■ Your task: The reply needs the lines from the one containing "Construction of the" through the end of the material, each repeated exactly, and no pictures.

#### Given information ####

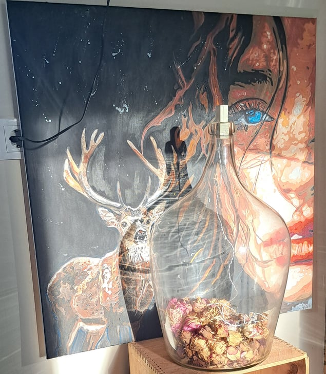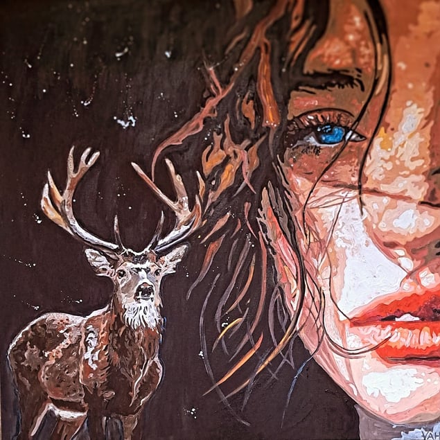 Upplev skönheten i denna fängslande akrylmålning på canvasduk, där en harmonisk fusion av porträtt och djurmotiv skapar en visuell berättelse fylld med liv och känsla. Varje penseldrag bär med sig en djup kärlek till både människans och naturens värld, vilket ger verkets karaktär en extra dimension. Denna unika konstverk kommer att berika din samling och bjuda in till en djupgående reflektion, samtidigt som den tillför en känsla av elegans och autenticitet till ditt rum. Låt denna konstnärliga skapelse bli en del av ditt hem och en källa till inspiration dagligen.
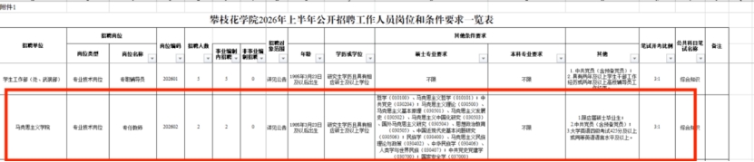 一、攀枝花学院2026年上半年公开招聘工作人员公告
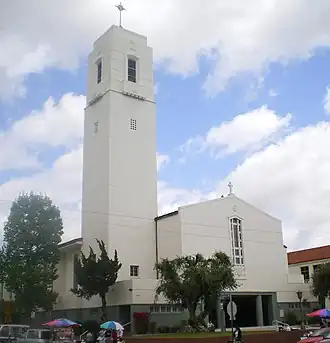 Construction of the new church began in early 1949. The building was constructed with reinforced concrete, structural steel roof framing, and a tile roof. The design was described as "a restrained modern style."[13][14] The church was designed by architect George J. Adams with assistance from Armet and Davis.[13]
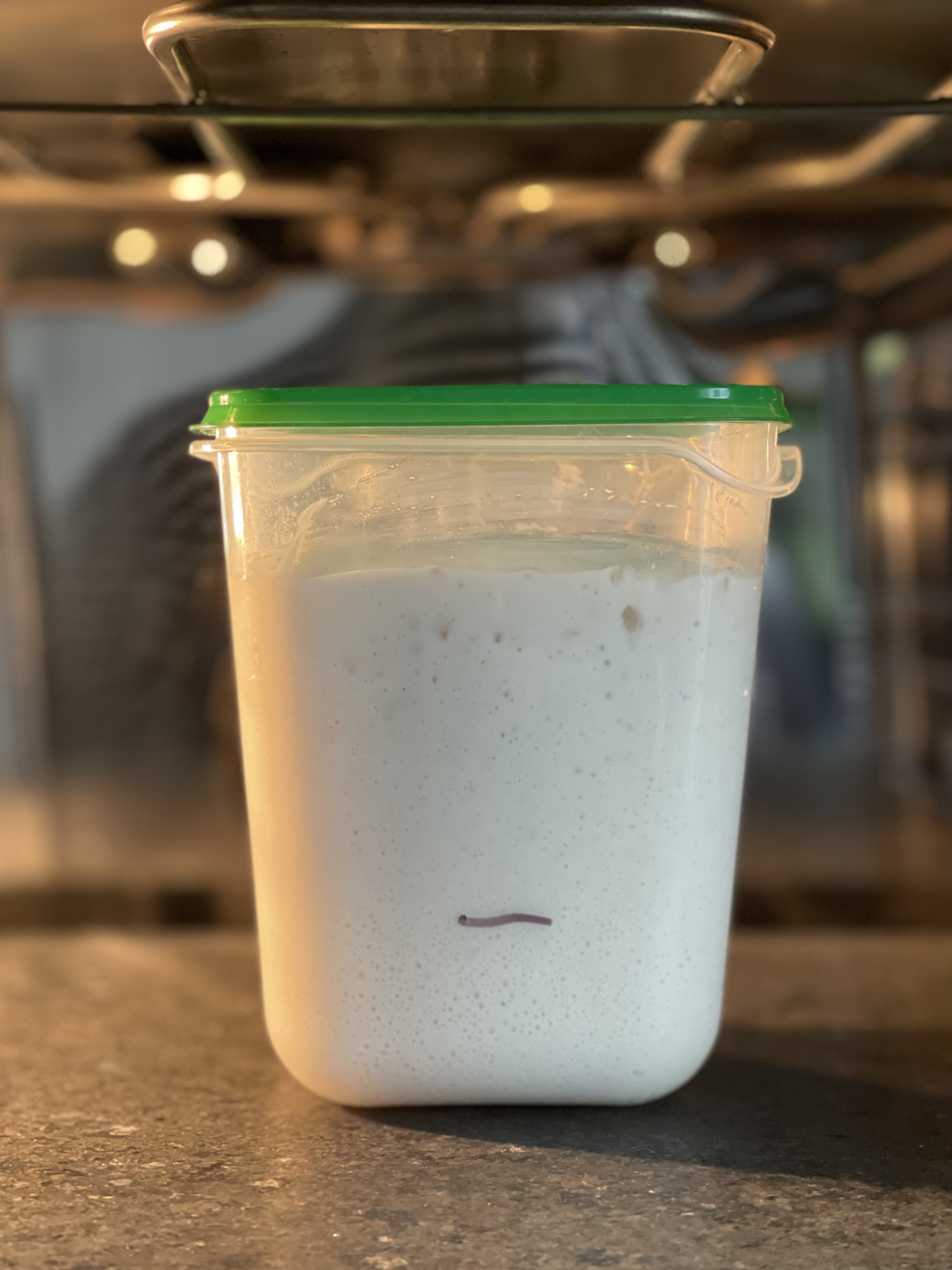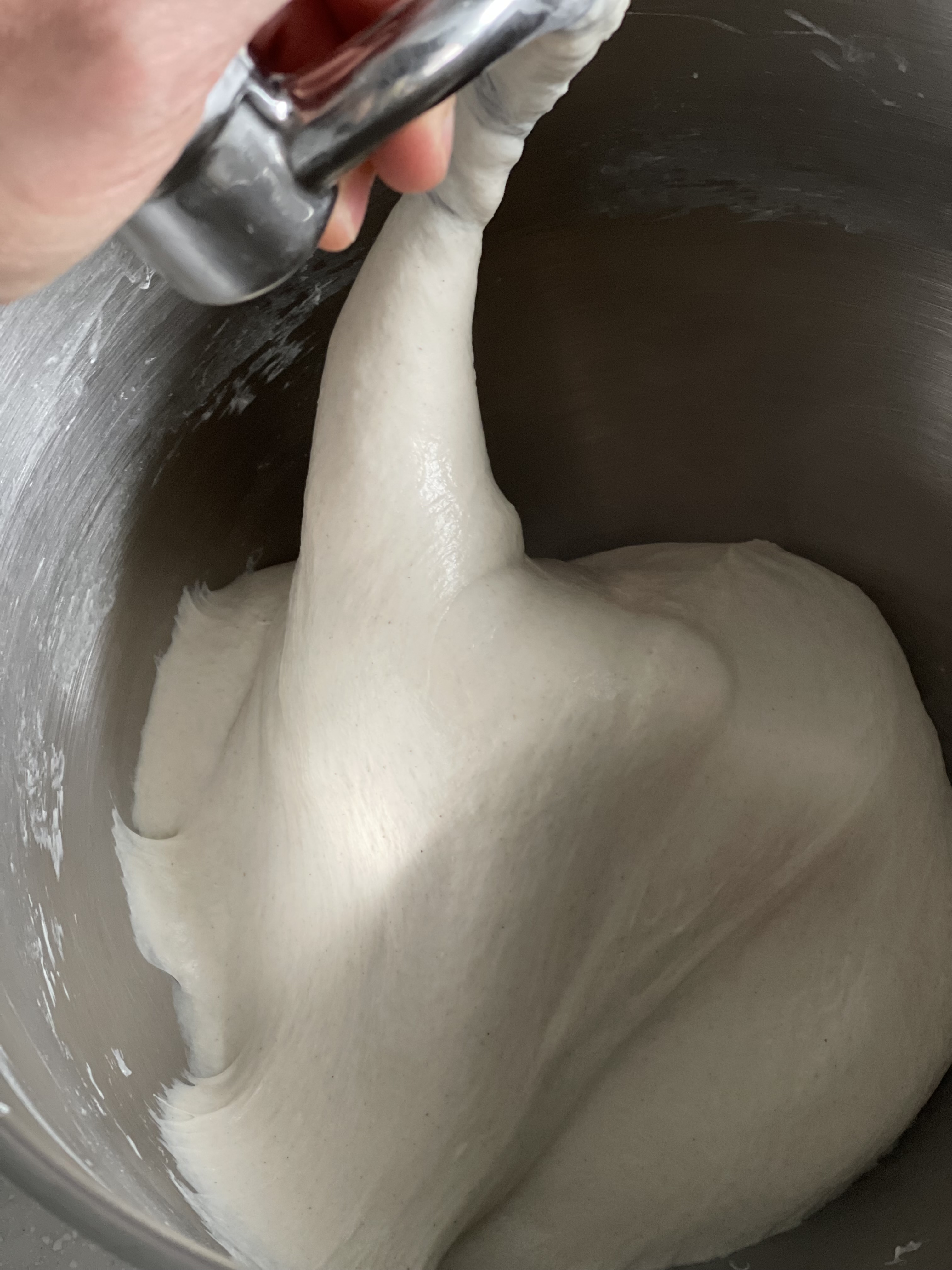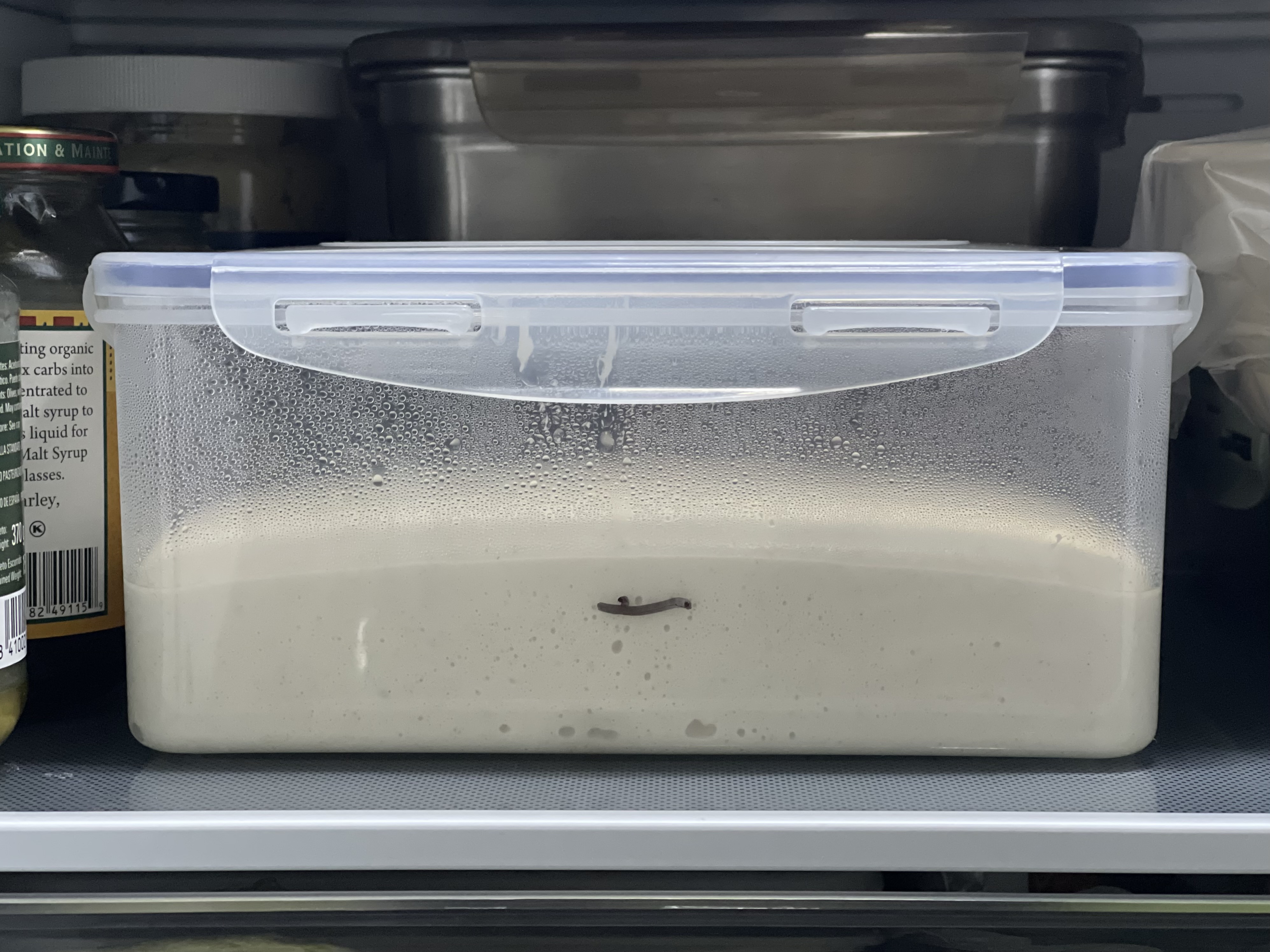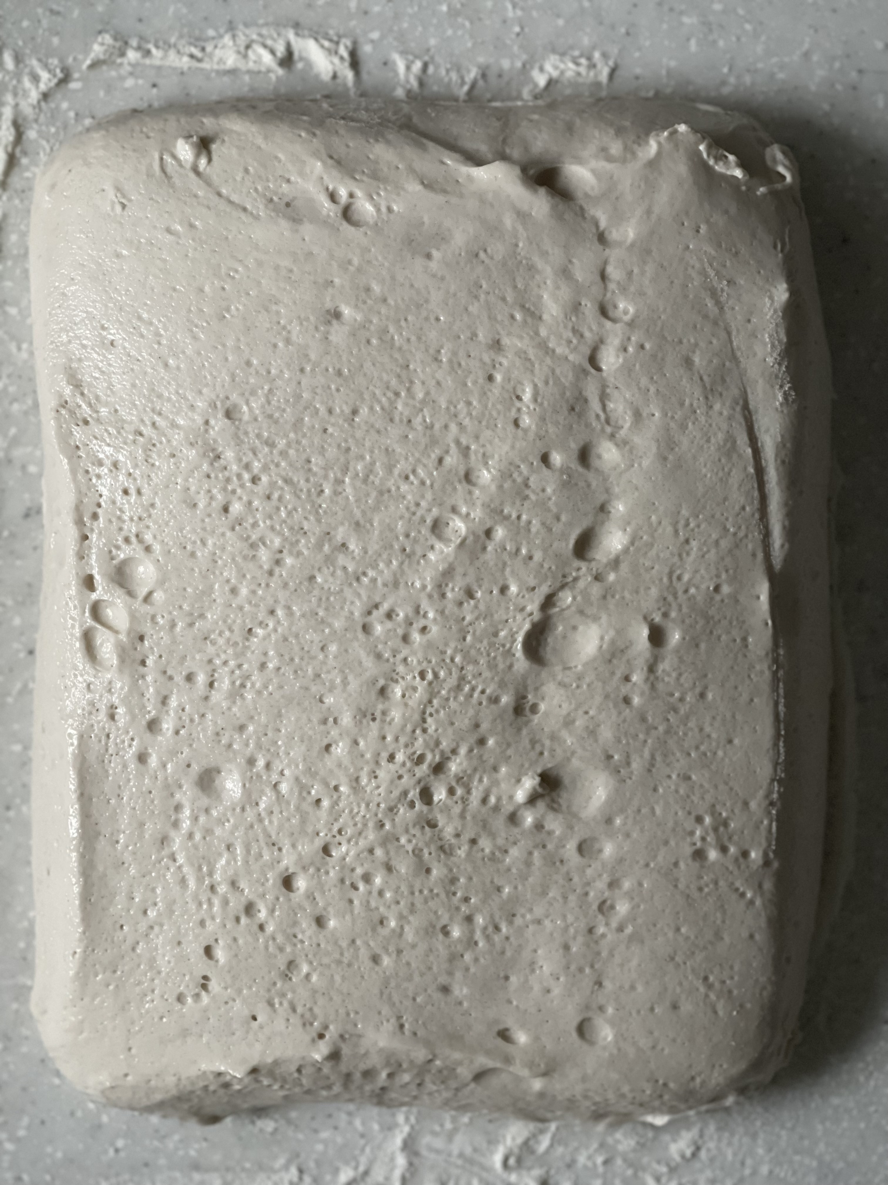 오토리즈와 본반죽 믹싱 후, 실온에서 1시간 1차 발효. 이후 냉장고에 넣고 총 18시간 냉장 휴지했다.

####

■ Expected answer:
 Construction of the new church began in early 1949. The building was constructed with reinforced concrete, structural steel roof framing, and a tile roof. The design was described as "a restrained modern style."[13][14] The church was designed by architect George J. Adams with assistance from Armet and Davis.[13]
 오토리즈와 본반죽 믹싱 후, 실온에서 1시간 1차 발효. 이후 냉장고에 넣고 총 18시간 냉장 휴지했다.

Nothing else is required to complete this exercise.